Los afectados sostienen que la atención a las personas inmigrantes debe garantizarse, pero consideran que esa obligación tiene que ser compatible con el mantenimiento de los servicios públicos destinados a los ceutíes. Por ello reclaman al Gobierno central que movilice medios extraordinarios y habilite instalaciones específicamente destinadas a la acogida, en lugar de recurrir progresivamente a colegios, pabellones deportivos y otros equipamientos utilizados habitualmente por los vecinos.

La RFFCE plantea incluso varios lugares que, en su opinión, deberían estudiarse antes de ocupar las instalaciones deportivas. Entre las posibles alternativas menciona la explanada del Parque de Artillería y el antiguo Hospital de la Cruz Roja, además de cualquier otro emplazamiento que reúna las condiciones necesarias para afrontar la situación.

Especial preocupación provoca la duración que podría alcanzar la medida.
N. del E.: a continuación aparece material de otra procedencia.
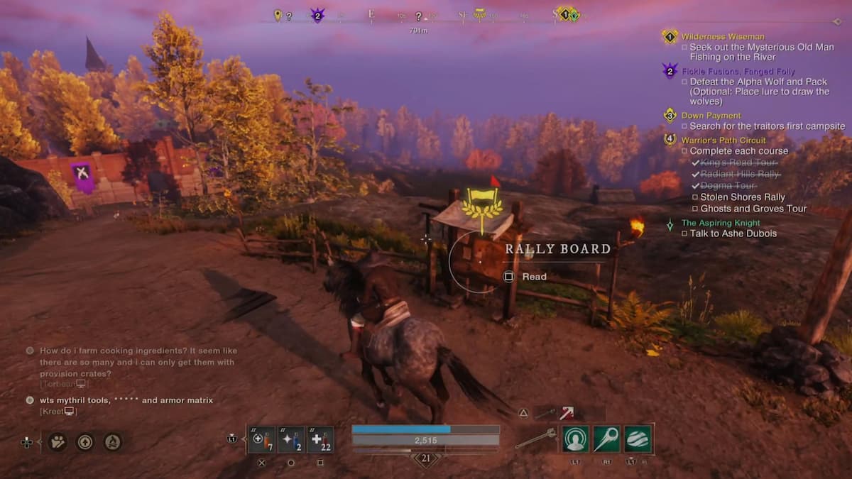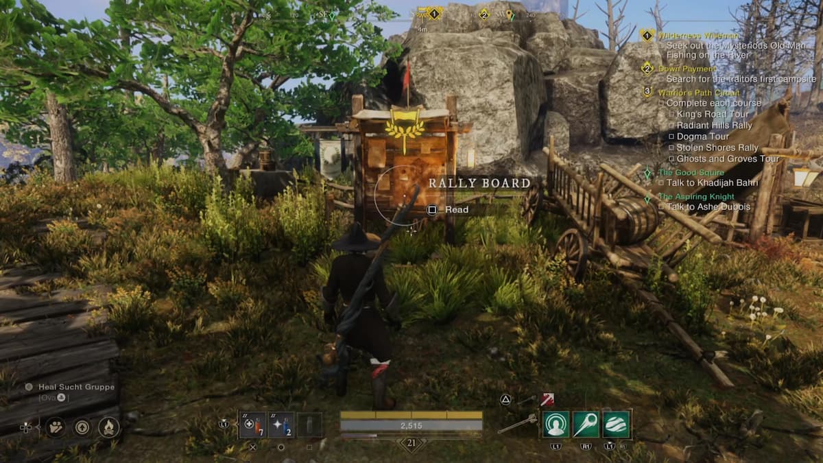 これは、ヨチカーンの安定した宿に最も近い集会です。 Jochi KhanのStable Innから抜け出すと、左折して道を進みます。マーカーがポップアップし、ラリーボードに導きます。ラリーボードを読んで、マウントクエストを受け入れます。輝く丘の集会。

La Federación advierte de que una utilización prolongada podría hacer que determinados recintos no recuperasen plenamente su actividad deportiva hasta 2027, dependiendo además del estado en el que se encontraran una vez finalizado su uso extraordinario.

Desde el ámbito deportivo insisten también en las consecuencias para los menores. Los pabellones representan, señalan, mucho más que lugares donde entrenar: son espacios de socialización, disciplina, aprendizaje y convivencia. Después de varias semanas de restricciones, consideran que retirarles también sus instalaciones habituales agravaría el impacto físico, emocional y social que la crisis está teniendo sobre ellos.

Las protestas se producen mientras aumenta el malestar por las consecuencias que la situación está dejando sobre la vida cotidiana de Ceuta. Los críticos con la medida piden evitar que la respuesta a cada nueva necesidad pase por reducir los servicios disponibles para la población local y advierten del riesgo de alimentar una confrontación social que consideran evitable.

«Defender una atención digna a las personas inmigrantes y defender al mismo tiempo los derechos, servicios públicos, instalaciones deportivas y calidad de vida de los ceutíes no son objetivos incompatibles», sostienen los usuarios. El mensaje dirigido al Ejecutivo es que una situación excepcional requiere recursos igualmente excepcionales, pero sin hacer recaer sistemáticamente su coste sobre los espacios que utiliza diariamente la población de Ceuta.